◆ **What you need to do**:
Your task is to retype, exactly, the line containing "Pánske nohavice zo" and every later line through the end of the listing, with pictures omitted.

◆ **Source records**:
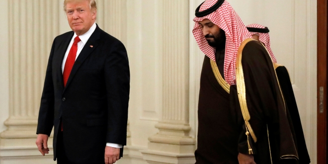 U.S. President Donald Trump and Saudi Deputy Crown Prince and Minister of Defense Mohammed bin Salman enter the State Dining Room of the White House in Washington, U.S., March 14, 2017. REUTERS/Kevin Lamarque
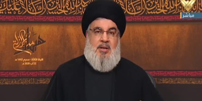 وخاطب الأمين العام لحزب الله الولايات المتحدة والدول الغربية قائلاً: “لماذا يحق لكم جميعا أن تتدخلوا في شؤون الدول وإلحاق الظلم بها ولا يحق لنا أو لغيرنا تقديم المساعدة لهذه الشعوب والدول المعتدى عليها والمسحوقة عظام أطفالها”.
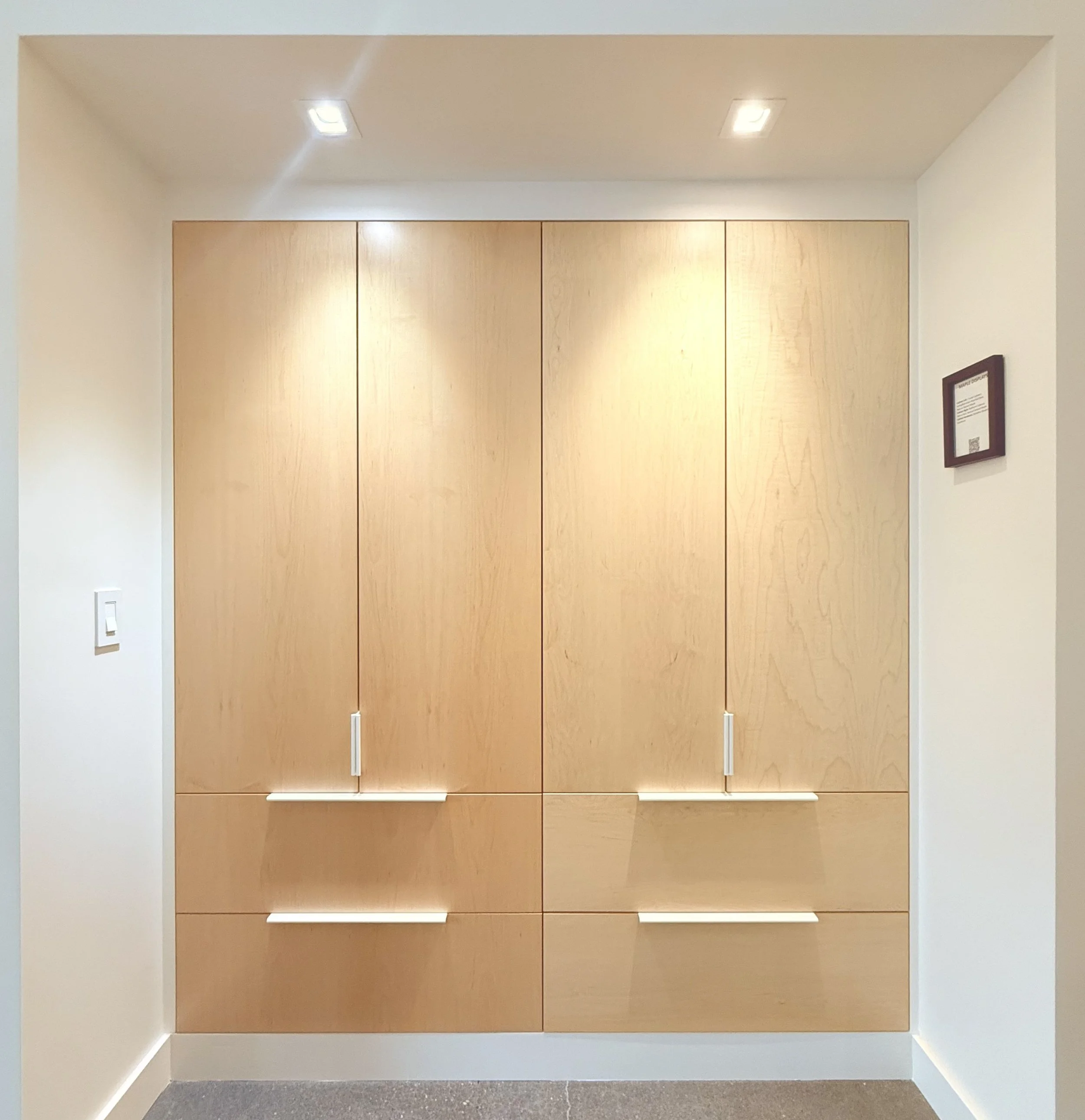 Tall cabinets finished in a natural maple stain, complete with sleek drawers, offer both warmth and functionality. Thoughtfully trimmed for a refined, built-in aesthetic, they bring an elegant and timeless appeal to the space.
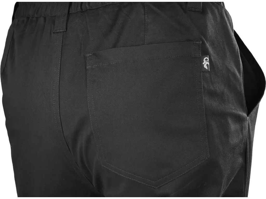 Pánske nohavice zo strečového materiálu v praktickom dizajne. Pevný pás je čiastočne pružný a doplnený pútkami na opasok pre pohodlné nosenie. Predné klinové vrecká sú navrhnuté tak, aby neprekážali pri pohybe ani pri práci. Malé bočné vrecko vpravo je ideálne na kuchársku pinzetu či ceruzky, zatiaľ čo zadné vrecko umožňuje praktické uloženie drobností. Nohavice sú vybavené systémom EASY-PROLONG, ktorý umožňuje jednoduché predĺženie strihu na vyššiu postavu uvoľnením kontrastného švu na nohaviciach. Odporúčané použitie: kuchári, čašníci, hotelové a kuchárske školy, bistrá, závodné a školské jedálne, strážne služby, pracovníci v divadlách, logistika, hobby.
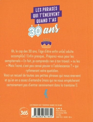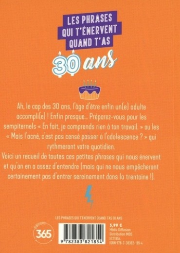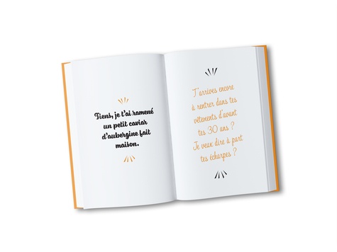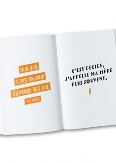 Le cadeau parfait à offrir à ses ami. e. s ou à soi-même : un recueil de toutes ces petites phrases qui nous énervent et qu'on en a assez d'entendre (mais qui ne nous empêcheront certainement pas d'entrer sereinement dans la trentaine ! ). 208 pages de citations et d'expressions pleines d'humour "Ca te dit d'aller à Deauville le week-end prochain ? " "C'est décidé, je deviens végan". "Allez, je te sers un petit verre, faut soigner le mal par le mal ! " "C'est décidé, j'achète moins, mais mieux". "Comment un mec comme toi peut être encore célibataire ? " "Putain, 112 messages Whatsapp en 2 heures... " "C'est décidé, je me mets au yoga". "Si tu restes encore plus longtemps dans cette boîte, tu vas finir par prendre racine". "Si j'étais toi, je profiterais de ma jeunesse pour voyager ! " Format 10 x 13 cm / 208 pages
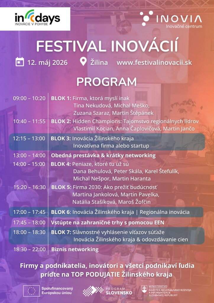 Zostaňte v hre aj v roku 2030. Objavte inovácie, ktoré menia región a prepojte sa s ľuďmi, ktorí tvoria budúcnosť. Malé a stredné firmy nepotrebujú ďalšiu teóriu. Potrebujú ľudí, kapitál a odvahu. Aj o tom bude festival, ktorý patrí k top inovačným podujatiam celého regiónu.

◆ **Written solution**:
 Pánske nohavice zo strečového materiálu v praktickom dizajne. Pevný pás je čiastočne pružný a doplnený pútkami na opasok pre pohodlné nosenie. Predné klinové vrecká sú navrhnuté tak, aby neprekážali pri pohybe ani pri práci. Malé bočné vrecko vpravo je ideálne na kuchársku pinzetu či ceruzky, zatiaľ čo zadné vrecko umožňuje praktické uloženie drobností. Nohavice sú vybavené systémom EASY-PROLONG, ktorý umožňuje jednoduché predĺženie strihu na vyššiu postavu uvoľnením kontrastného švu na nohaviciach. Odporúčané použitie: kuchári, čašníci, hotelové a kuchárske školy, bistrá, závodné a školské jedálne, strážne služby, pracovníci v divadlách, logistika, hobby.
 Le cadeau parfait à offrir à ses ami. e. s ou à soi-même : un recueil de toutes ces petites phrases qui nous énervent et qu'on en a assez d'entendre (mais qui ne nous empêcheront certainement pas d'entrer sereinement dans la trentaine ! ). 208 pages de citations et d'expressions pleines d'humour "Ca te dit d'aller à Deauville le week-end prochain ? " "C'est décidé, je deviens végan". "Allez, je te sers un petit verre, faut soigner le mal par le mal ! " "C'est décidé, j'achète moins, mais mieux". "Comment un mec comme toi peut être encore célibataire ? " "Putain, 112 messages Whatsapp en 2 heures... " "C'est décidé, je me mets au yoga". "Si tu restes encore plus longtemps dans cette boîte, tu vas finir par prendre racine". "Si j'étais toi, je profiterais de ma jeunesse pour voyager ! " Format 10 x 13 cm / 208 pages
 Zostaňte v hre aj v roku 2030. Objavte inovácie, ktoré menia región a prepojte sa s ľuďmi, ktorí tvoria budúcnosť. Malé a stredné firmy nepotrebujú ďalšiu teóriu. Potrebujú ľudí, kapitál a odvahu. Aj o tom bude festival, ktorý patrí k top inovačným podujatiam celého regiónu.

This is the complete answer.